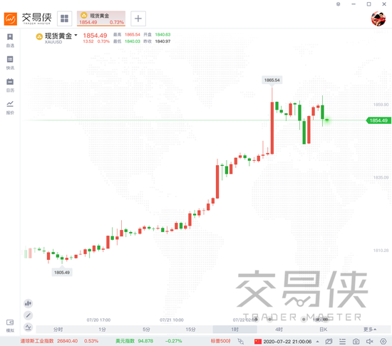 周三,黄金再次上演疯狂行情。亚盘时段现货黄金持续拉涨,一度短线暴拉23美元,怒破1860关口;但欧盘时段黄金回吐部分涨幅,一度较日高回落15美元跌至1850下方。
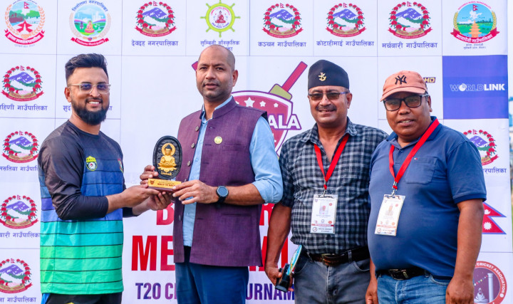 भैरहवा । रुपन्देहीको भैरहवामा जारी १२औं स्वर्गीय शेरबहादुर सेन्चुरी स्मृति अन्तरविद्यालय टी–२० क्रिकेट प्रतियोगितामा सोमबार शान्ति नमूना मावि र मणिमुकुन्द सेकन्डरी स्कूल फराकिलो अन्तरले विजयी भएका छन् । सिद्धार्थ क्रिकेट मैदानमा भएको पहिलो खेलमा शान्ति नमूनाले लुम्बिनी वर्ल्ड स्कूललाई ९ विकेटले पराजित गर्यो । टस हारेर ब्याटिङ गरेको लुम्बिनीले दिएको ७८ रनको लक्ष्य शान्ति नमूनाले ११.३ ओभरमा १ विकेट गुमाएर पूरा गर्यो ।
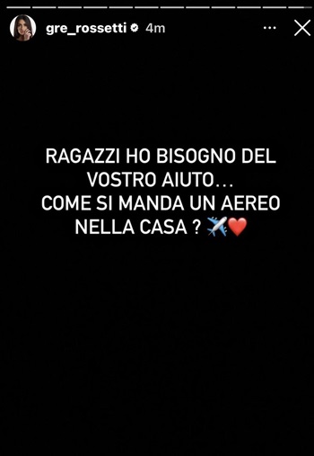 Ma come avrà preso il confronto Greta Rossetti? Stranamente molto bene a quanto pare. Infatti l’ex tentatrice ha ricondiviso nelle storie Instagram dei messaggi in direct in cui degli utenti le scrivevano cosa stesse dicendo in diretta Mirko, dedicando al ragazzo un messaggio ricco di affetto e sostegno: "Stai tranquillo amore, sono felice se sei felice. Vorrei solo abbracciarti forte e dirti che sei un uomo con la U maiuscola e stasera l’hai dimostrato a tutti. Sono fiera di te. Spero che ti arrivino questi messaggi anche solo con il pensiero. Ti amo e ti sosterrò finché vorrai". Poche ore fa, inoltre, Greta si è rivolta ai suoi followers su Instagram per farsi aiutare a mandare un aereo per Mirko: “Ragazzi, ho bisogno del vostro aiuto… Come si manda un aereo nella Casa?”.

········

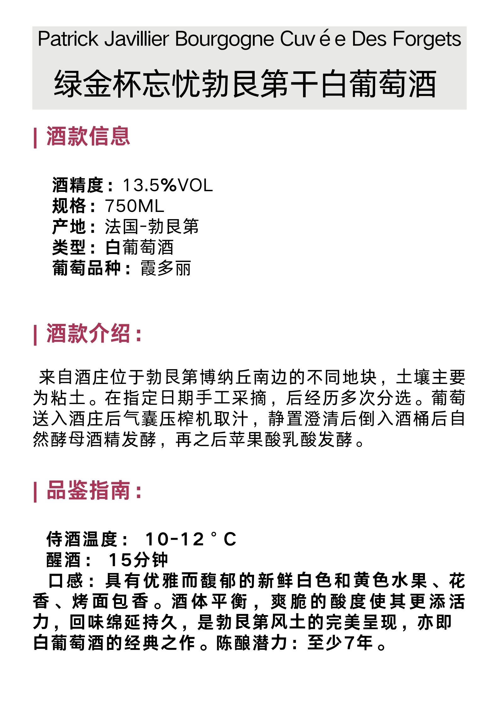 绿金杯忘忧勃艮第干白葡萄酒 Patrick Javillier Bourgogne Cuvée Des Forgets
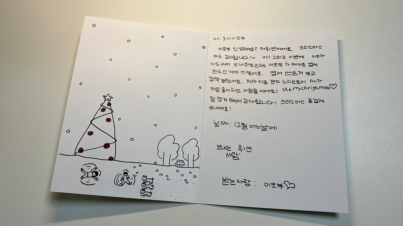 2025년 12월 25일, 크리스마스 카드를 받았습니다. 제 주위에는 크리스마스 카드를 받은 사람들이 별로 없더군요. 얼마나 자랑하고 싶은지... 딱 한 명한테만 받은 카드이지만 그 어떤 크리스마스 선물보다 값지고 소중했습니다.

········

◆ **YOUR INSTRUCTIONS**
I would like the exact lines from the data above, starting with the one that holds "绿金杯忘忧勃艮第干白葡萄酒 Patrick Javillier" and going on through the one that holds "2025년 12월 25일, 크리스마스", without the pictures.

◆ **ANSWER FOR THIS EXERCISE**
 绿金杯忘忧勃艮第干白葡萄酒 Patrick Javillier Bourgogne Cuvée Des Forgets
 2025년 12월 25일, 크리스마스 카드를 받았습니다. 제 주위에는 크리스마스 카드를 받은 사람들이 별로 없더군요. 얼마나 자랑하고 싶은지... 딱 한 명한테만 받은 카드이지만 그 어떤 크리스마스 선물보다 값지고 소중했습니다.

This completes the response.